Dynamic Modality-Camera Invariant Clustering for Unsupervised Visible-Infrared Person Re-identification
Yiming Yang, Weipeng Hu, Haifeng Hu
TL;DR
DMIC tackles unsupervised VI-ReID by aligning clustering across both modality and camera using Modality-Camera Invariant Expansion (MIE), Dynamic Neighborhood Clustering (DNC), and Hybrid Modality Contrastive Learning (HMCL). MIE fuses inter-modal and inter-camera distance encodings to create modality-camera invariant embeddings; DNC dynamically tunes clustering objectives via $\epsilon$ and $k_2$ to balance discriminability and generalization; HMCL uses intra- and inter-modality memories with cluster-level and instance-level contrastive losses to refine distributions. Experiments on SYSU-MM01 and RegDB show competitive results, reducing the gap to supervised methods while remaining efficient. This approach provides a scalable and effective framework for unsupervised cross-modal, cross-camera person re-identification.
Abstract
Unsupervised learning visible-infrared person re-identification (USL-VI-ReID) offers a more flexible and cost-effective alternative compared to supervised methods. This field has gained increasing attention due to its promising potential. Existing methods simply cluster modality-specific samples and employ strong association techniques to achieve instance-to-cluster or cluster-to-cluster cross-modality associations. However, they ignore cross-camera differences, leading to noticeable issues with excessive splitting of identities. Consequently, this undermines the accuracy and reliability of cross-modal associations. To address these issues, we propose a novel Dynamic Modality-Camera Invariant Clustering (DMIC) framework for USL-VI-ReID. Specifically, our DMIC naturally integrates Modality-Camera Invariant Expansion (MIE), Dynamic Neighborhood Clustering (DNC) and Hybrid Modality Contrastive Learning (HMCL) into a unified framework, which eliminates both the cross-modality and cross-camera discrepancies in clustering.

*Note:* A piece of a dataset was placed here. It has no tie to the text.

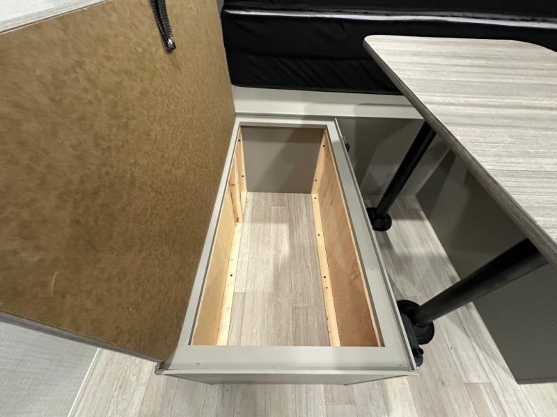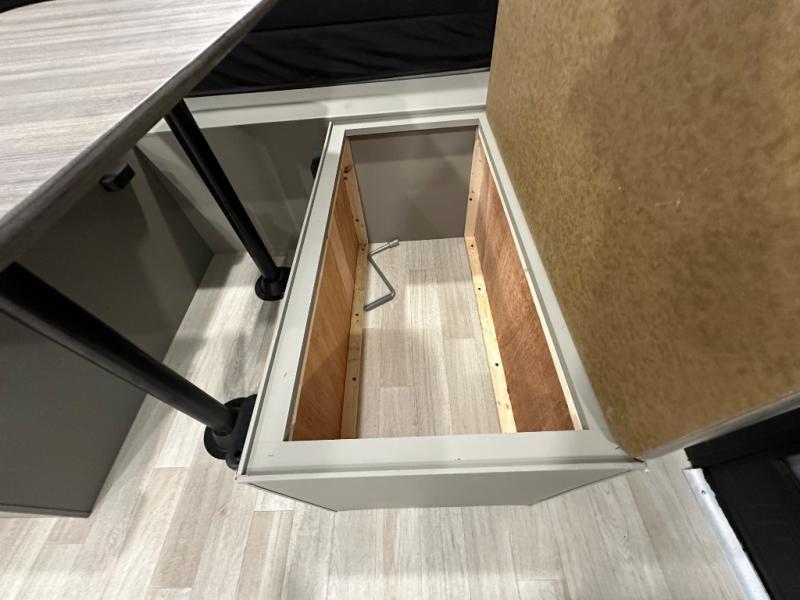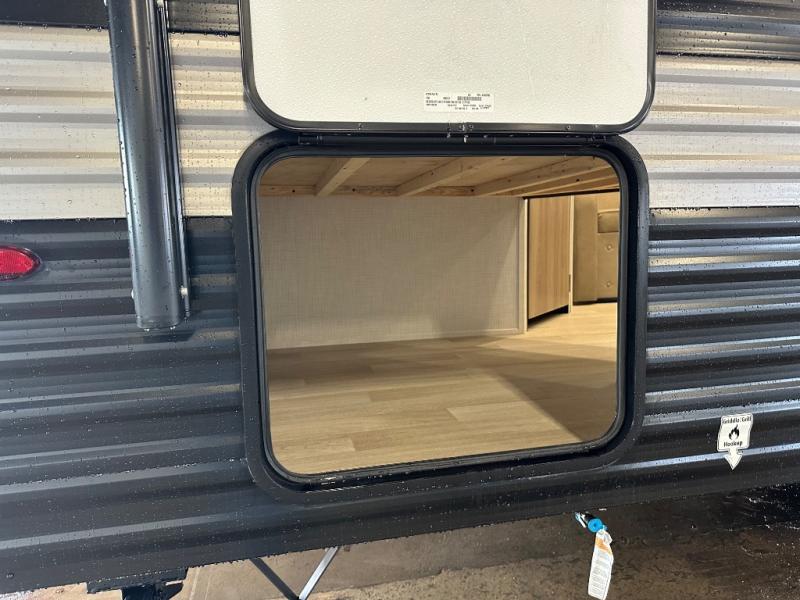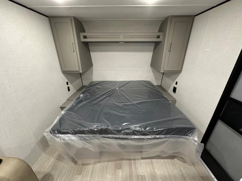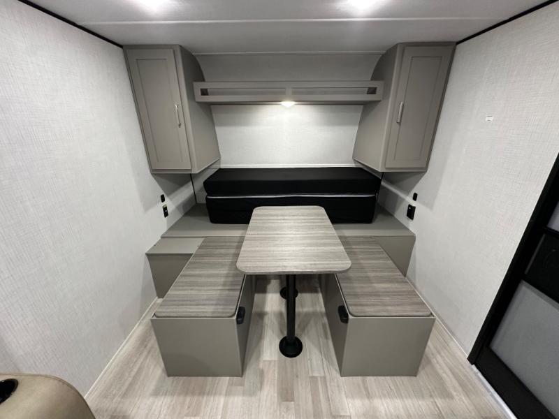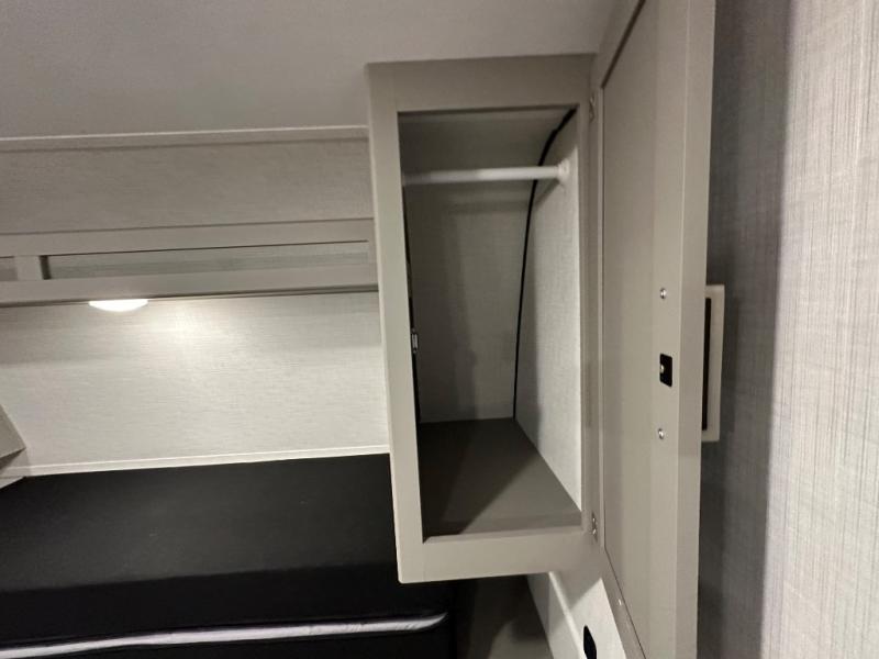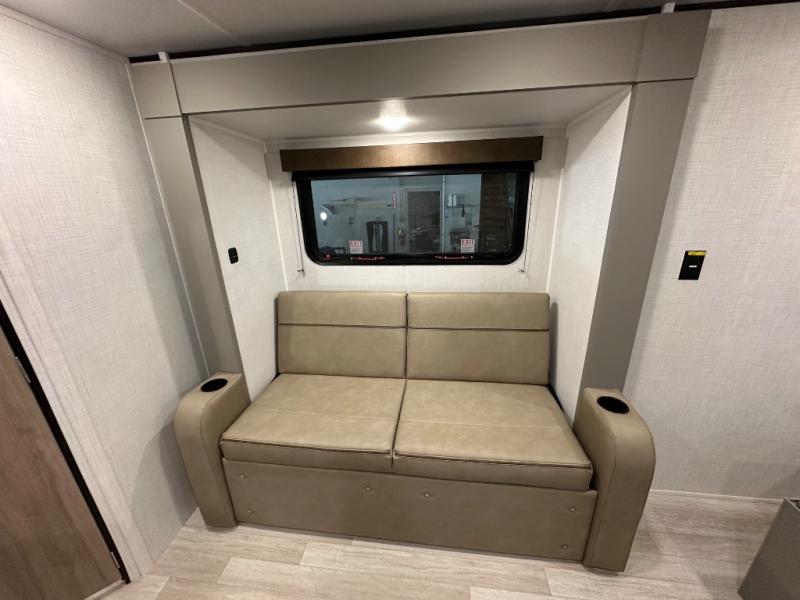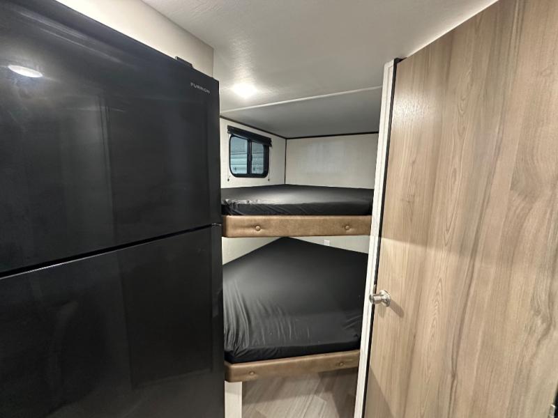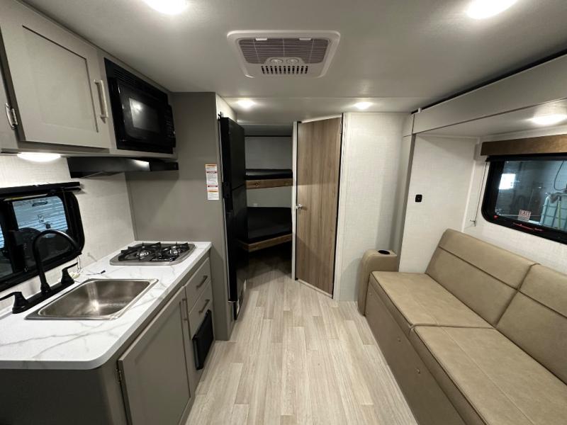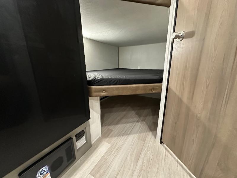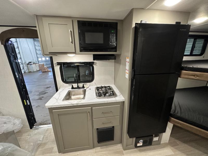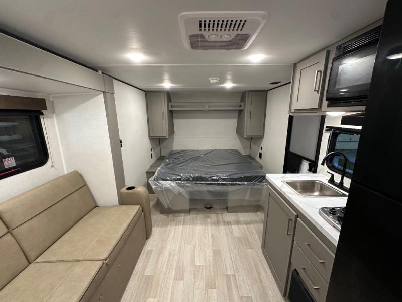 Camping trips just got easier travel trailer with double-size bunks and a sofa slide out for more sleeping and floor space! There is a two-burner cooktop and microwave oven to cook meals each day, plus a 10-cu. ft. 12V refrigerator for food storage. Up front, you'll find a picnic table to dine at, plus a Murphy style pull-out Olympic RV queen-size bed, giving you both seating and sleeping space. Dual bedside wardrobes will let you keep your clothes organized, and an exterior pass-through storage will be perfect for fishing poles, camp chairs and more!

MIE fuses inter-modal and inter-camera distance coding to bridge the gaps between modalities and cameras at the clustering level. DNC employs two dynamic search strategies to refine the network's optimization objective, transitioning from improving discriminability to enhancing cross-modal and cross-camera generalizability. Moreover, HMCL is designed to optimize instance-level and cluster-level distributions. Memories for intra-modality and inter-modality training are updated using randomly selected samples, facilitating real-time exploration of modality-invariant representations. Extensive experiments have demonstrated that our DMIC addresses the limitations present in current clustering approaches and achieve competitive performance, which significantly reduces the performance gap with supervised methods.